The Lost city of Z #COUPDECOEUR

Chaque mois, la maison des films dévoile son coup de cœur. Romain valorise cette fois-ci « The lost city of Z » réalisé par James Gray, réalisateur américain connu pour The Immigrant, Two lovers, La Nuit nous appartient. Il nous dit pourquoi ci-dessous.

 

TheLostCityOfZ-Article-BDL’histoire

Percival Fawcett, officier britannique déconsidéré par ses supérieurs, se voit confié en 1906 la mission de cartographier la frontière la plus sauvage de la Bolivie. L’expédition est périlleuse et les conditions de vie plus que précaires tandis que le petit groupe remonte le fleuve vers sa source, guidé par un indigène murmurant parfois des allusion étranges à une cité d’or perdue au fin fond de la jungle.
Mais alors qu’ils atteignent enfin leur objectif, à demi-morts de faim, Fawcett découvre avec surprise des restes de poteries très élaborées dans une région pourtant totalement coupée du monde. Désormais, sa conviction est faite : il a existé – voire il existe encore – une autre civilisation sud-américaine dont la renommée se retrouve encore dans les légendes des tribus locales. Sa découverte représenterait à ses yeux la fin du mythe de la supériorité de l’homme blanc, la fin d’une ère historique à la pensée mensongère. C’est pourquoi il lui donne le nom de Z.
De retour en Angleterre, auprès de sa famille, il n’a plus qu’une obsession : retourner en Amazonie pour découvrir les ruines de la cité perdue.

 

L’avis de Romain

On pouvait être curieux de voir cette adaptation ambitieuse de la vie de l’explorateur Percy Fawcett, un homme à l’audace et à la persévérance extraordinaires qui, durant la plus grosse partie de sa vie, a poursuivi une quête scientifique tout autant que mystique.

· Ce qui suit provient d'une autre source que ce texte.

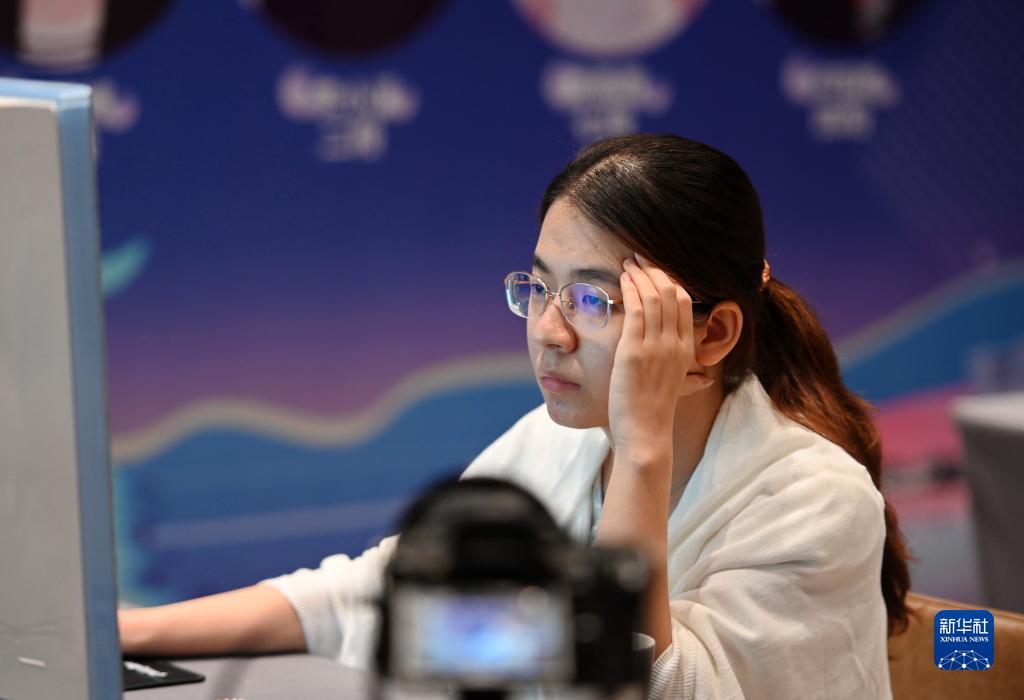 8月1日,中国棋手陆敏全六段在对阵韩国棋手吴侑珍九段的比赛中。

James Gray choisit de se focaliser sur le portrait de l’homme en lui-même plutôt que d’adopter une approche romantique de la quête. La majeure partie du film ne se passe donc pas dans la jungle, mais dans les salons feutrés du début du XXème, au sein des milieu scientifiques londoniens, dans l’intimité de cette famille dont le père n’a pratiquement pas vu ses enfants grandir, ou bien sur les champ de bataille de la première guerre mondiale où Fawcett s’illustrera brillamment. La Cité perdue de Z demeure toutefois un titre très approprié, car toutes les motivations de Fawcett vont être centrées sur cette éventuelle découverte.

Les phases d’exploration dans la jungle amazonienne demeurent bien sûr des moments clés de la narration, mais la réalisation ne se focalise pas tellement sur les péripéties spectaculaires (attaques d’indigènes, piranhas, etc…). Ce sont les rapports des différents membres de l’expédition entre eux qui guident le récit.

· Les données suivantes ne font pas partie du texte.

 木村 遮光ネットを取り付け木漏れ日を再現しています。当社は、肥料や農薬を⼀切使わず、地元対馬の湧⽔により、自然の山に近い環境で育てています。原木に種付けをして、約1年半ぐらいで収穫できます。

La fin du film est étrange et d’une bienheureuse ambiguïté. Le véritable colonel Fawcett a emmené avec lui son secret dans l’oubli, et le film ne triche pas sur ce point. On gardera du personnage le souvenir d’un homme passionné qui a mené jusqu’à un âge avancé une quête qui transcende la vie d’un seul homme, cherchant jusqu’aux portes de la folie ce dont la plupart d’entre nous ne font jamais que rêver.

Alors ? Un récit réussi et original d’un épisode méconnu de l’histoire des grandes explorations, qui rend enfin un hommage approprié à une des figures les plus fascinantes du début du XXème siècle.

Retrouvez la critique complète de « The lost city of Z »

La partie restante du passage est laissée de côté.